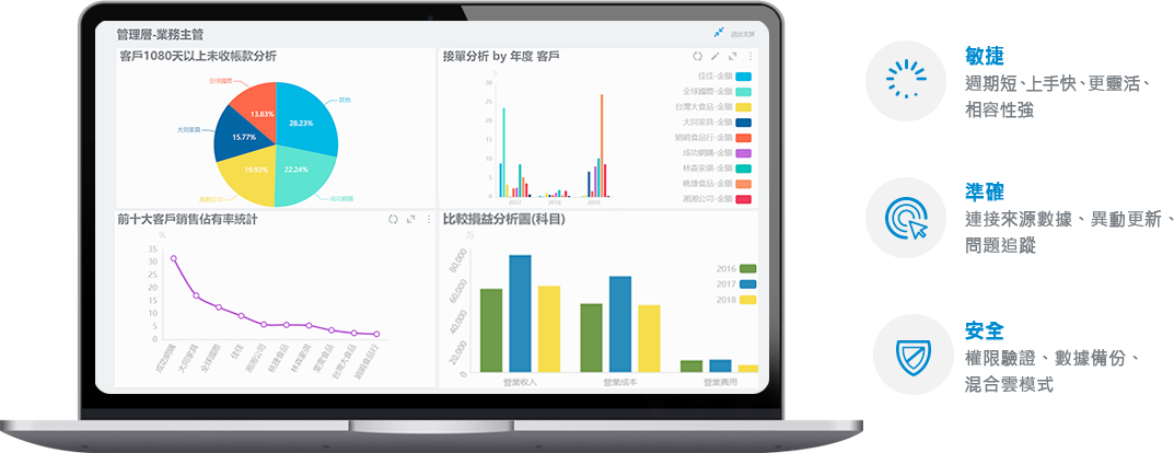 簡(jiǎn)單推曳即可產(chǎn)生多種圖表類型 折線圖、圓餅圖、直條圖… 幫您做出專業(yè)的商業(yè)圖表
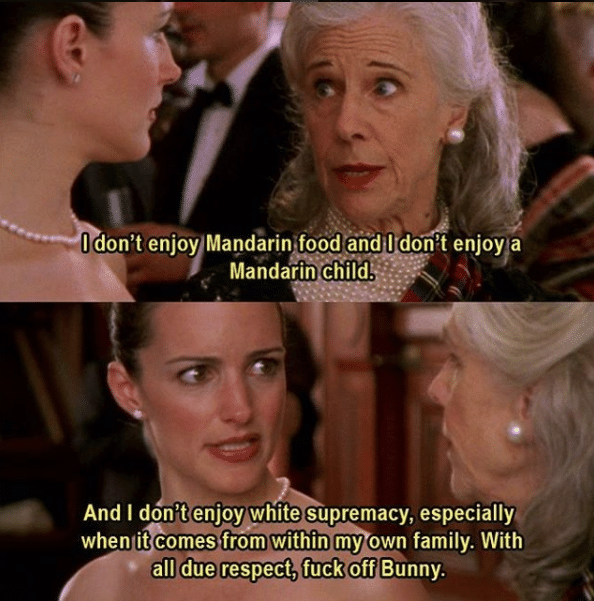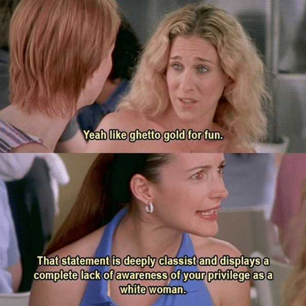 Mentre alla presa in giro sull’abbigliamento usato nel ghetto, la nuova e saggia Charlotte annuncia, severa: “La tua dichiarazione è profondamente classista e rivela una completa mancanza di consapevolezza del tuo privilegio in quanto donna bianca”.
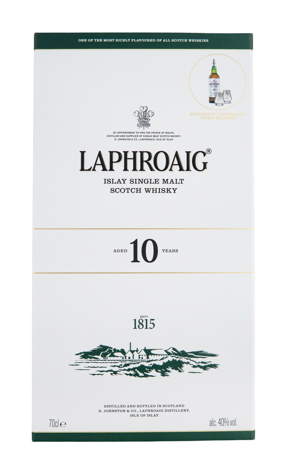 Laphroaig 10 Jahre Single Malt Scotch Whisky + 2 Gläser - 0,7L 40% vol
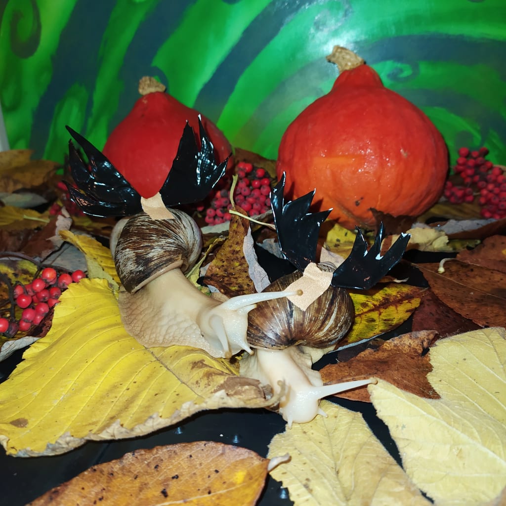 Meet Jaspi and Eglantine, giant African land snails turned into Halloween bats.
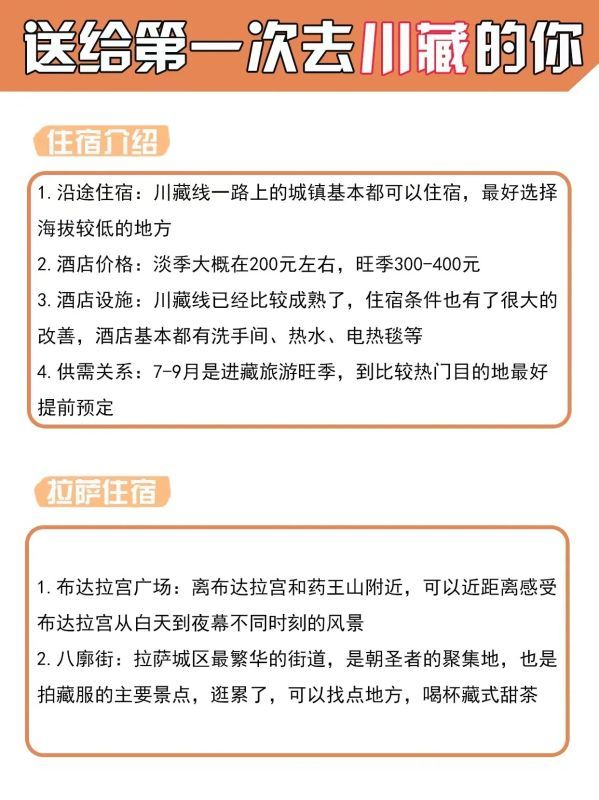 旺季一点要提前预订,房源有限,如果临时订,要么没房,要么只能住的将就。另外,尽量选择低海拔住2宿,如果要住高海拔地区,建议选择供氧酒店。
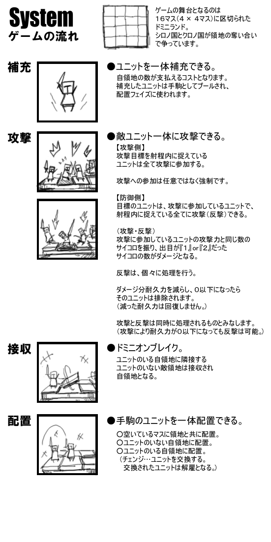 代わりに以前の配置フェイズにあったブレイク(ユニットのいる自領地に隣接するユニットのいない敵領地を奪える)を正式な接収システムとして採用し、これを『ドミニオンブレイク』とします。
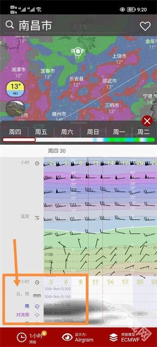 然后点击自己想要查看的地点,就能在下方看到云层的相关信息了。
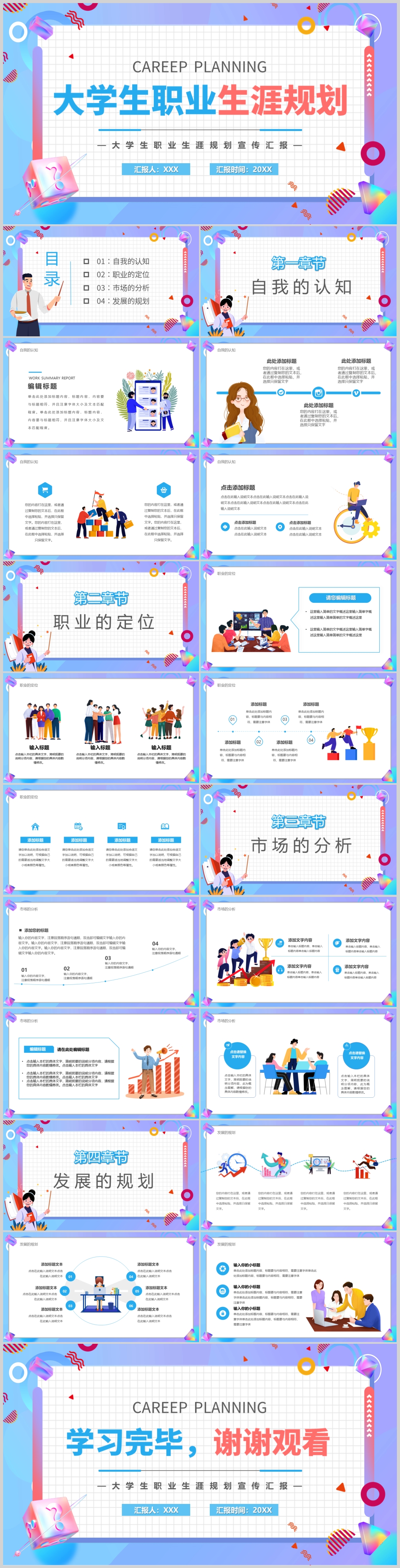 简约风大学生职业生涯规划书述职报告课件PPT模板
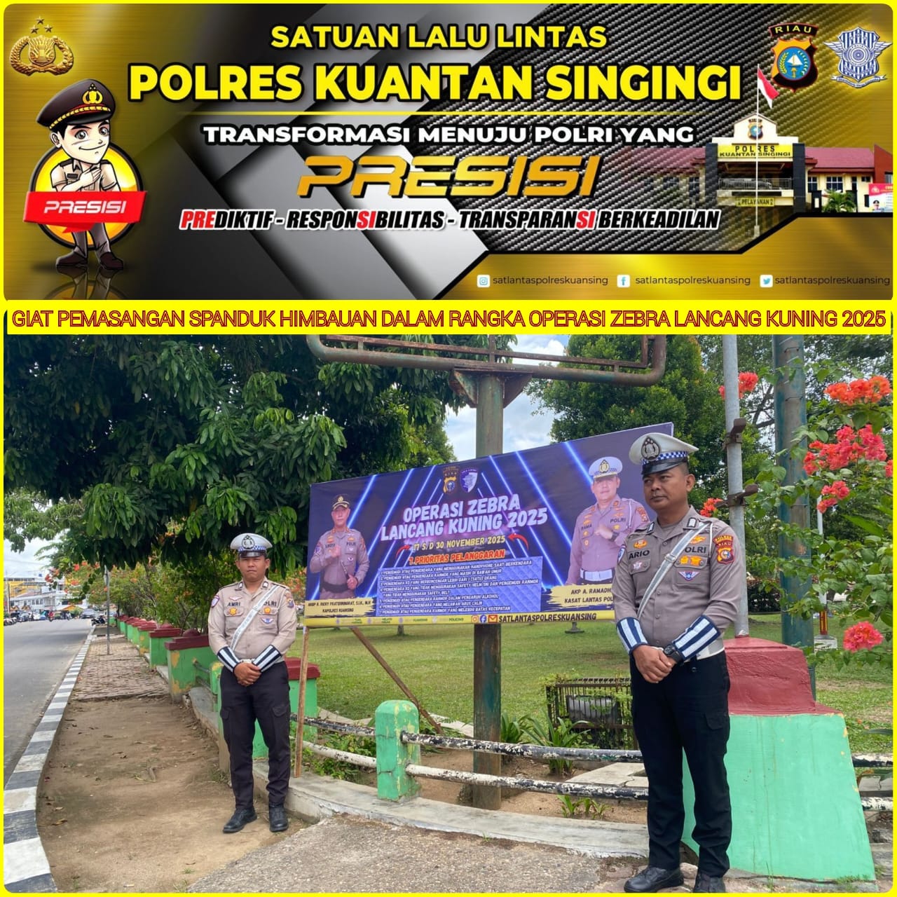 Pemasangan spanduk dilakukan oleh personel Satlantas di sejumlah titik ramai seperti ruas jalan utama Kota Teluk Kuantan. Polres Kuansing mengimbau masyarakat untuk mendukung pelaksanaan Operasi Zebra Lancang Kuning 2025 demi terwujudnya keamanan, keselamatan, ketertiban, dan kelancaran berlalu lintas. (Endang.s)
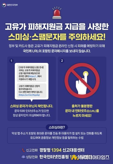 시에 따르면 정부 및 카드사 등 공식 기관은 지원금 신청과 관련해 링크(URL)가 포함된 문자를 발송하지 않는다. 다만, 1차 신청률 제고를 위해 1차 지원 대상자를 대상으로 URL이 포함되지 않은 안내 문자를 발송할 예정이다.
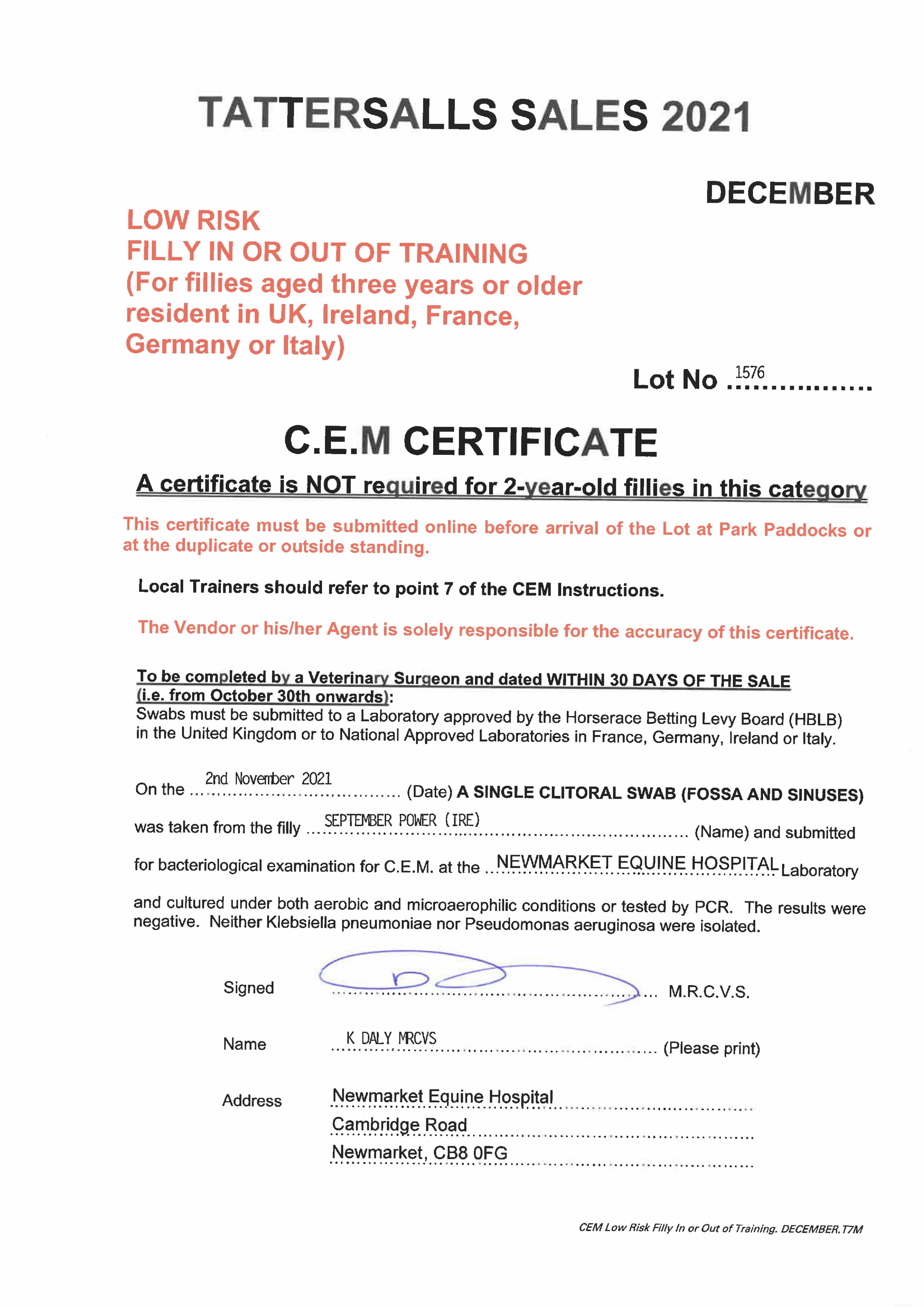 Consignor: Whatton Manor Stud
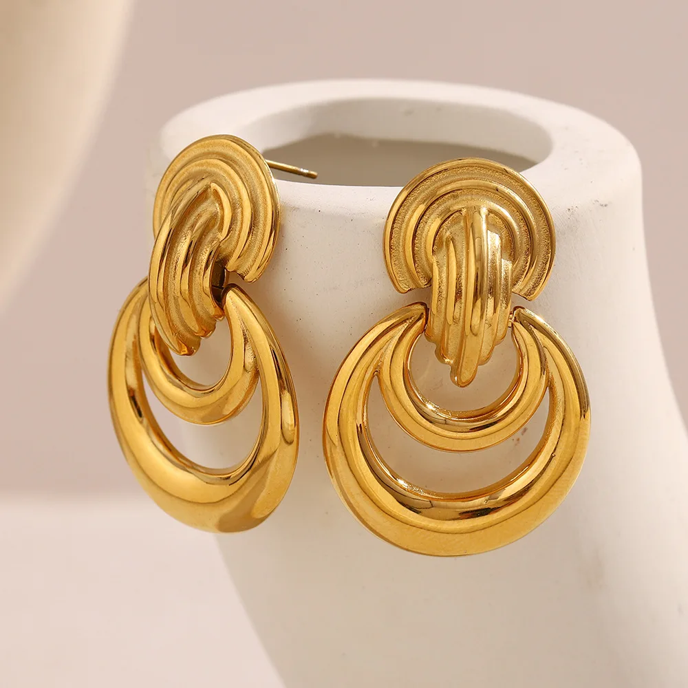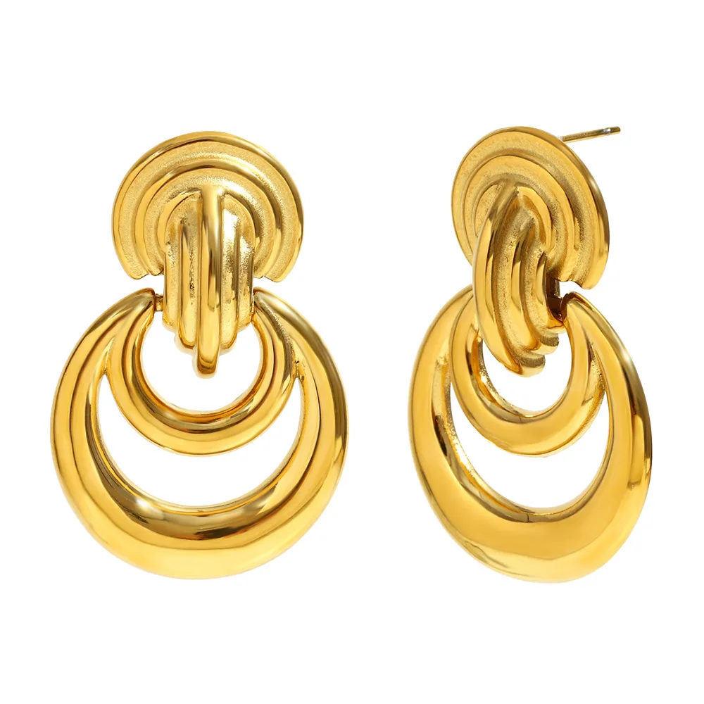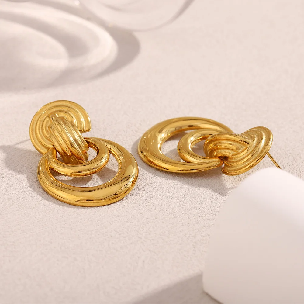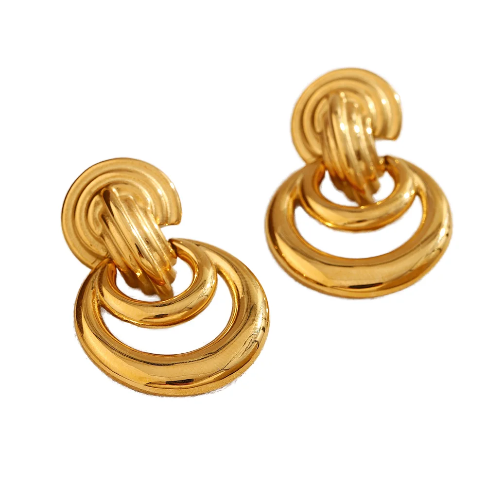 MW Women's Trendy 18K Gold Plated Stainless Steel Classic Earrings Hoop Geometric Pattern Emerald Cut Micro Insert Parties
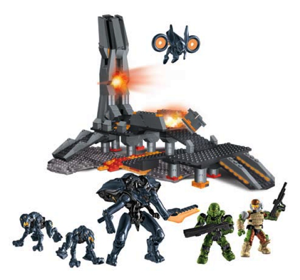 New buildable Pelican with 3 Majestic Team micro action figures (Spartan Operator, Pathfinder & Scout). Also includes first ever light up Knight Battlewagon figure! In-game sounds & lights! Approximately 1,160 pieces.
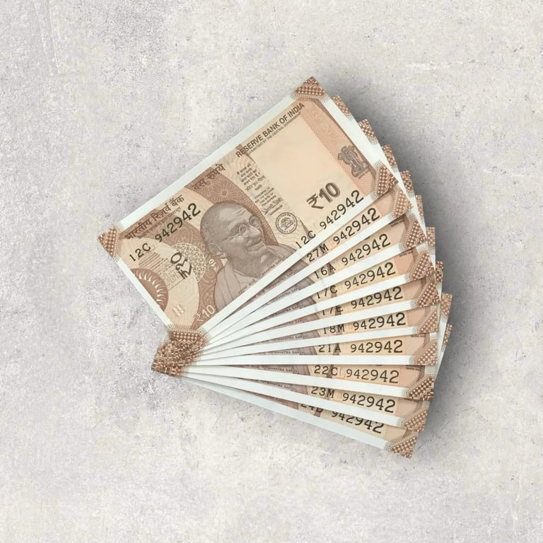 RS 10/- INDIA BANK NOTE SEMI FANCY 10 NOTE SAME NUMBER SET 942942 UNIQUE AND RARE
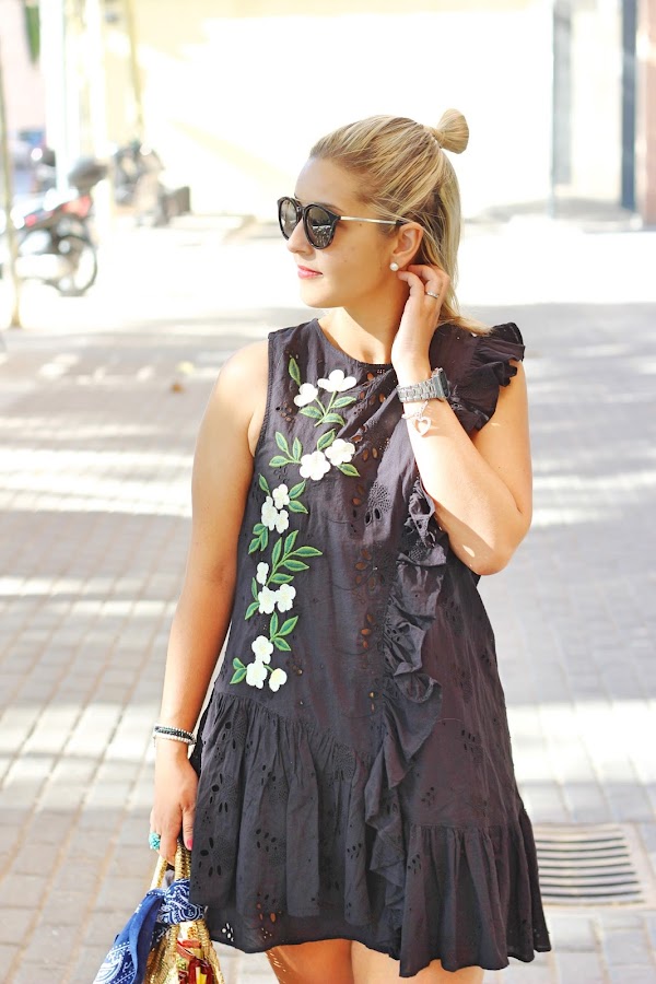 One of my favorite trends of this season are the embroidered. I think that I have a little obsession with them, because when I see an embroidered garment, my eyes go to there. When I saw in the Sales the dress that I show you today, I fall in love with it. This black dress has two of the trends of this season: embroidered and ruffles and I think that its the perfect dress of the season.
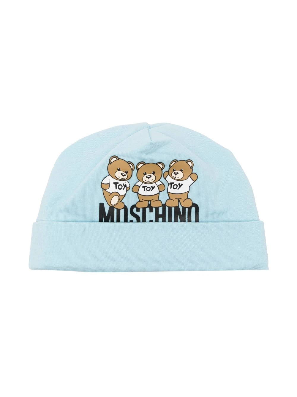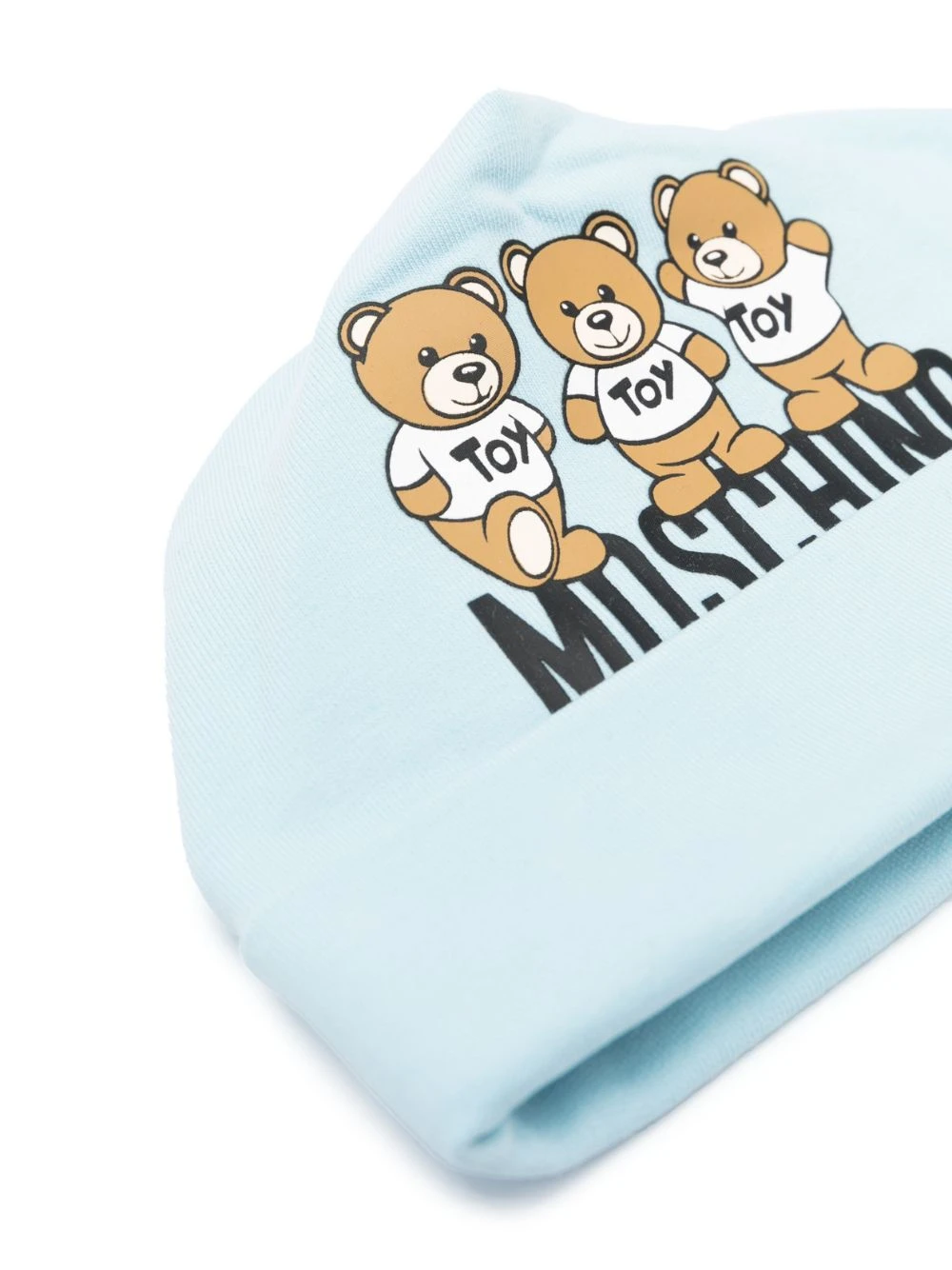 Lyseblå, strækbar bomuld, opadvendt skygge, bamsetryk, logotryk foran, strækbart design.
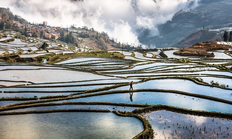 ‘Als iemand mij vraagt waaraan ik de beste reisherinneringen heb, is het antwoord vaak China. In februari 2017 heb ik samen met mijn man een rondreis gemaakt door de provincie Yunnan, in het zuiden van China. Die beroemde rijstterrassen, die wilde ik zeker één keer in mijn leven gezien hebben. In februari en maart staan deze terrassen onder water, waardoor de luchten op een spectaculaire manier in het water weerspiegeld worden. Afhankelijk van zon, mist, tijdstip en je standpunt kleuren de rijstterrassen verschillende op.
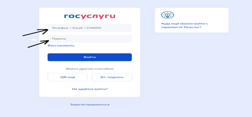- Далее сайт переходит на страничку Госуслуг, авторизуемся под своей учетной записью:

# Exercise
Starting at the line with "然后点击自己想要查看的地点,就能在下方看到云层的相关信息了。" and finishing at the line with "rijstterrassen verschillende op.", copy the material above exactly, both lines included. Nothing else goes in, and no pictures.

# Expected output
 然后点击自己想要查看的地点,就能在下方看到云层的相关信息了。
 简约风大学生职业生涯规划书述职报告课件PPT模板
 Pemasangan spanduk dilakukan oleh personel Satlantas di sejumlah titik ramai seperti ruas jalan utama Kota Teluk Kuantan. Polres Kuansing mengimbau masyarakat untuk mendukung pelaksanaan Operasi Zebra Lancang Kuning 2025 demi terwujudnya keamanan, keselamatan, ketertiban, dan kelancaran berlalu lintas. (Endang.s)
 시에 따르면 정부 및 카드사 등 공식 기관은 지원금 신청과 관련해 링크(URL)가 포함된 문자를 발송하지 않는다. 다만, 1차 신청률 제고를 위해 1차 지원 대상자를 대상으로 URL이 포함되지 않은 안내 문자를 발송할 예정이다.
 Consignor: Whatton Manor Stud
 MW Women's Trendy 18K Gold Plated Stainless Steel Classic Earrings Hoop Geometric Pattern Emerald Cut Micro Insert Parties
 New buildable Pelican with 3 Majestic Team micro action figures (Spartan Operator, Pathfinder & Scout). Also includes first ever light up Knight Battlewagon figure! In-game sounds & lights! Approximately 1,160 pieces.
 RS 10/- INDIA BANK NOTE SEMI FANCY 10 NOTE SAME NUMBER SET 942942 UNIQUE AND RARE
 One of my favorite trends of this season are the embroidered. I think that I have a little obsession with them, because when I see an embroidered garment, my eyes go to there. When I saw in the Sales the dress that I show you today, I fall in love with it. This black dress has two of the trends of this season: embroidered and ruffles and I think that its the perfect dress of the season.
 Lyseblå, strækbar bomuld, opadvendt skygge, bamsetryk, logotryk foran, strækbart design.
 ‘Als iemand mij vraagt waaraan ik de beste reisherinneringen heb, is het antwoord vaak China. In februari 2017 heb ik samen met mijn man een rondreis gemaakt door de provincie Yunnan, in het zuiden van China. Die beroemde rijstterrassen, die wilde ik zeker één keer in mijn leven gezien hebben. In februari en maart staan deze terrassen onder water, waardoor de luchten op een spectaculaire manier in het water weerspiegeld worden. Afhankelijk van zon, mist, tijdstip en je standpunt kleuren de rijstterrassen verschillende op.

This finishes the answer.